TRY IT: Look below for the line with "8265: FRAMED ETCHED GLASS BOWL OF A MUSICIAN"; begin the copy there and stop after the line with "Fig. 6.6 'Peradeniya", keeping the text exact and the pictures out.

:: DATA EXTRACTS ::

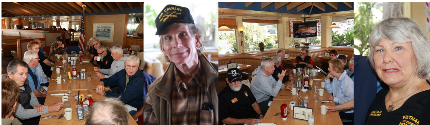
On Saturday, March 29 th , Post 9934 hosted a breakfast for our Vietnam Veterans in honor of National Vietnam War Veterans Day. The breakfast was held at The Brig Restaurant in Dana Point.
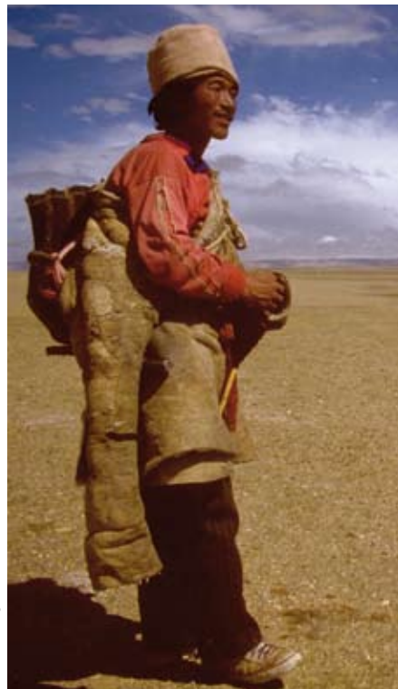
Nomad on the grasslands of Tibet.

China says: 'Life expectancy of Tibetans is 67 years, almost double the 35.5 years prior to the liberation of Tibet. Between 2006 and 2010 1.7 billion yuan was spent to finance free medical services for Tibetan farmers and herders' (15a).
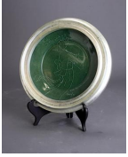
8265: FRAMED ETCHED GLASS BOWL OF A MUSICIAN
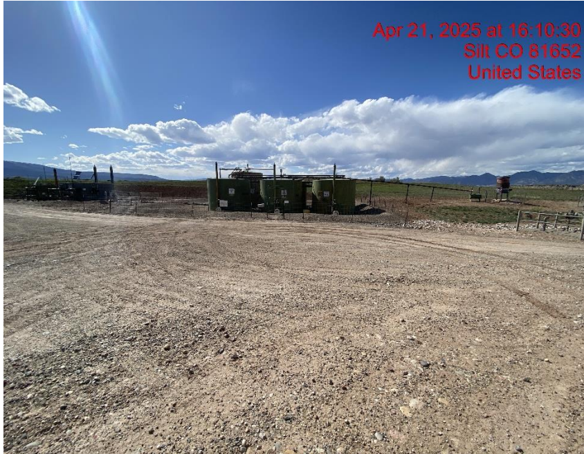
Location Overview – Photo #08271
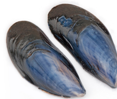
Blue Mussel Shell
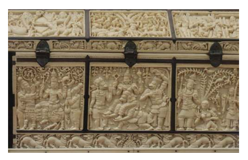
Fig. 6.6 'Peradeniya casket', back panel, Sri Lanka, mid-sixteenth century, The Senarat Paranavitana Teaching and Research Museum, Department of Archaeology, University of Peradeniya.

Like the lotus petals, rows of lions appear on the basement mouldings of certain medieval monuments. At Polonnaruva (1017–1215 ce), this motif is found
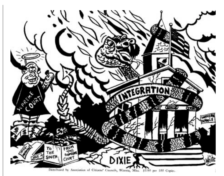
There was 'massive resistance' in parts of the South.

In some areas there was a massive shift to private schools. In the Denver metropolitan area an astonishing 94 percent of white students attended private schools in 2005. A Duke University study found that in ten counties in Mississippi more than 90 percent of white students were
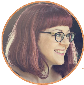
V. E. SCHWAB

VICTORIA “V. E.” SCHWAB is the #1 New York Times bestselling author of more than twenty books, including the acclaimed Shades of Magic series, Villains series, Monsters of Verity duology, Cassidy Blake series and The Invisible Life of Addie LaRue . Her work has received critical acclaim and been featured in the New York Times , Entertainment Weekly , Washington Post and more, translated into more than two dozen languages, and has been optioned for television and film. When she’s not haunting Paris streets or trudging up English hillsides, she lives in Edinburgh, Scotland, and is usually tucked in the corner of a coffee shop, dreaming up monsters.

:::

EXERCISE RESULT:
8265: FRAMED ETCHED GLASS BOWL OF A MUSICIAN
Location Overview – Photo #08271
Blue Mussel Shell
Fig. 6.6 'Peradeniya casket', back panel, Sri Lanka, mid-sixteenth century, The Senarat Paranavitana Teaching and Research Museum, Department of Archaeology, University of Peradeniya.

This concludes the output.